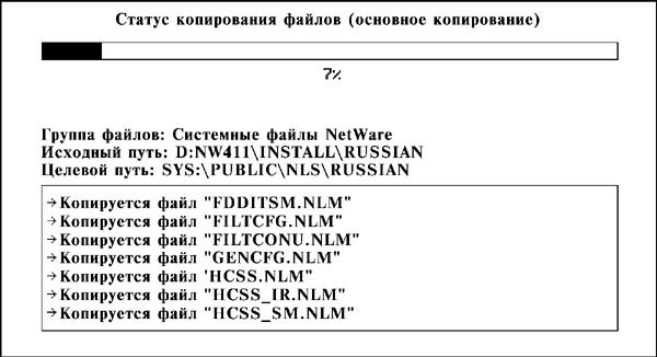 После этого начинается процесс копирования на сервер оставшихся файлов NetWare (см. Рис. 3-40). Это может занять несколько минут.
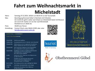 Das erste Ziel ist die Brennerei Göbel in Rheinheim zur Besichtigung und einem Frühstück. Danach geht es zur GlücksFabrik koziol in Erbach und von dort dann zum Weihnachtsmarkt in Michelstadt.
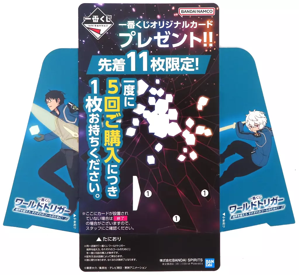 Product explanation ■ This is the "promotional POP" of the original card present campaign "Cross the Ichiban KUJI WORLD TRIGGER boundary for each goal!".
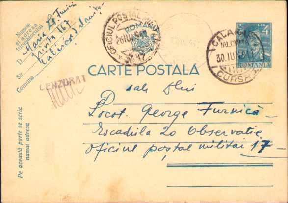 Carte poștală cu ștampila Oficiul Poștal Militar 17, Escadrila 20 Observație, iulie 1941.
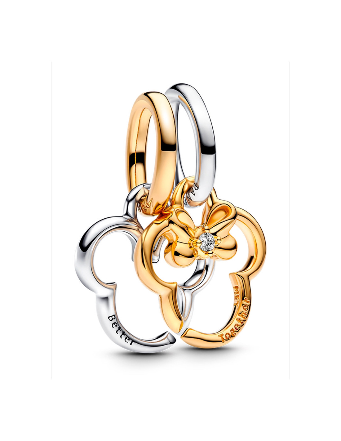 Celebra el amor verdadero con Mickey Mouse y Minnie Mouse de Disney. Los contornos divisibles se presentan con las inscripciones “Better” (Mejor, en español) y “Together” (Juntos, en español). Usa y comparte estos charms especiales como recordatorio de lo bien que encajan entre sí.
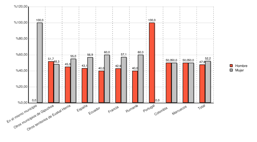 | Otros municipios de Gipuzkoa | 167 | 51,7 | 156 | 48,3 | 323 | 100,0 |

==

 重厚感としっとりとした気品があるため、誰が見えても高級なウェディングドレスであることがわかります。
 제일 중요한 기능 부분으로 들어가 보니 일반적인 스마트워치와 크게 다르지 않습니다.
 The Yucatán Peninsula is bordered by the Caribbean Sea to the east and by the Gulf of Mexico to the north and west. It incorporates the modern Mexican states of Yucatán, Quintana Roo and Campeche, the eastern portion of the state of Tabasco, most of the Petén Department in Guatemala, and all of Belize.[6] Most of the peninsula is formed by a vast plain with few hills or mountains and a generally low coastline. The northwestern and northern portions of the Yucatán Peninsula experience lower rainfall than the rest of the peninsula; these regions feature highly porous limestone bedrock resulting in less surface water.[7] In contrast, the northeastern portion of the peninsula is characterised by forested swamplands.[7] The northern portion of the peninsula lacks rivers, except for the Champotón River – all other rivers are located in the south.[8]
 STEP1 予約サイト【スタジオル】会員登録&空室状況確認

• _TASK DESCRIPTION_
Print everything from the line with "Product explanation ■" down to the line with "323 | 100,0 |" in the entries above, both lines included and nothing more, without the pictures.

• _ANSWER TO THIS EXERCISE_
 Product explanation ■ This is the "promotional POP" of the original card present campaign "Cross the Ichiban KUJI WORLD TRIGGER boundary for each goal!".
 Carte poștală cu ștampila Oficiul Poștal Militar 17, Escadrila 20 Observație, iulie 1941.
 Celebra el amor verdadero con Mickey Mouse y Minnie Mouse de Disney. Los contornos divisibles se presentan con las inscripciones “Better” (Mejor, en español) y “Together” (Juntos, en español). Usa y comparte estos charms especiales como recordatorio de lo bien que encajan entre sí.
 | Otros municipios de Gipuzkoa | 167 | 51,7 | 156 | 48,3 | 323 | 100,0 |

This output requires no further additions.